The Court then referred to the Consumer Protection (Amendment) Bill, 2002, which envisaged insertion of sub-section (3-A) in Section 13 of the Act, which reads as under:
“13. (3-A) Every complaint shall be heard as expeditiously as possible and endeavour shall be made to decide the complaint within a period of three months from the date of receipt of notice by opposite party where the complaint does not require analysis or testing of commodities and within five months if it requires analysis or testing of commodities: Provided that no adjournment shall be ordinarily granted by the District Forum unless sufficient cause is shown and the reasons for grant of adjournment have been recorded in writing by the Forum: Provided further that the District Forum shall make such orders as to the costs occasioned by the adjournment as may be provided in the regulations made under this Act.”
(emphasis in original)
31. From the wording of the aforesaid section, it is apparent that there is legislative mandate to the District Forum or the Commissions to dispose of the complaints as far as possible within the prescribed time of three months by ad- hering strictly to the procedure prescribed under the Act. The opposite party has to submit its version within 30 days from the date of the receipt of the complaint by him and the Commission can give at the most further 15 days for some unavoidable reasons to file its version.” The Court was, therefore, alive to the fact that no consequence is prescribed for non-adherence to the time limit of three months. In the result, the case was disposed of with certain directions for avoiding delay in disposal of proceedings under the Consumer Protection Act, 1986.

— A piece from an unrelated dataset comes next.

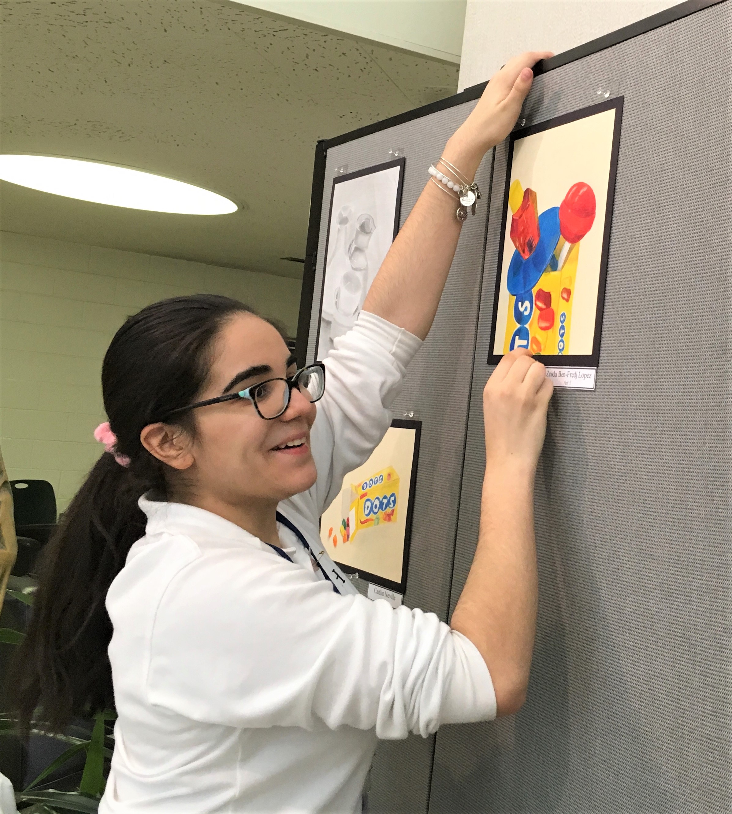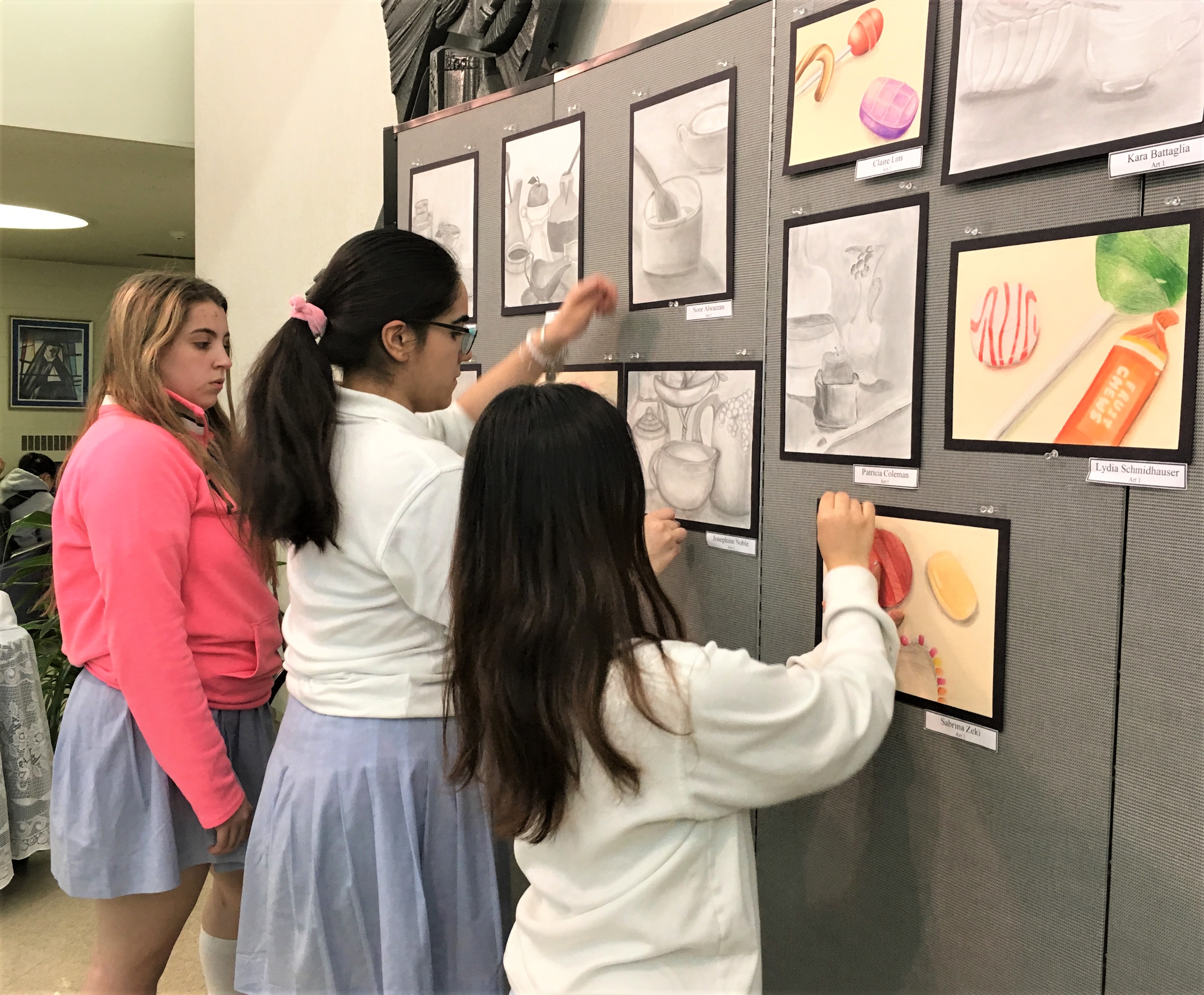 Art teacher Kathryn Biskup directed a handful of efficient student volunteers, who skillfully arranged the striking exhibit in just under 30 minutes. The motivated and artistic crew included Arielle Maravilla, Gianna Guido, Haram Kim, Cassandra Davila, and Gabriella Borges.

16. It will thus be seen that there was no focused argument in J.J. Merchant (supra) on whether the provisions of Section 13(2)(a) of the Consumer Protection Act, 1986 could be held to be directory in as much as no consequence was provided for a written statement being filed beyond 45 days. In point of fact, this Court’s judgment in Topline Shoes (supra) was not even cited before the Bench hearing J.J. Merchant (supra).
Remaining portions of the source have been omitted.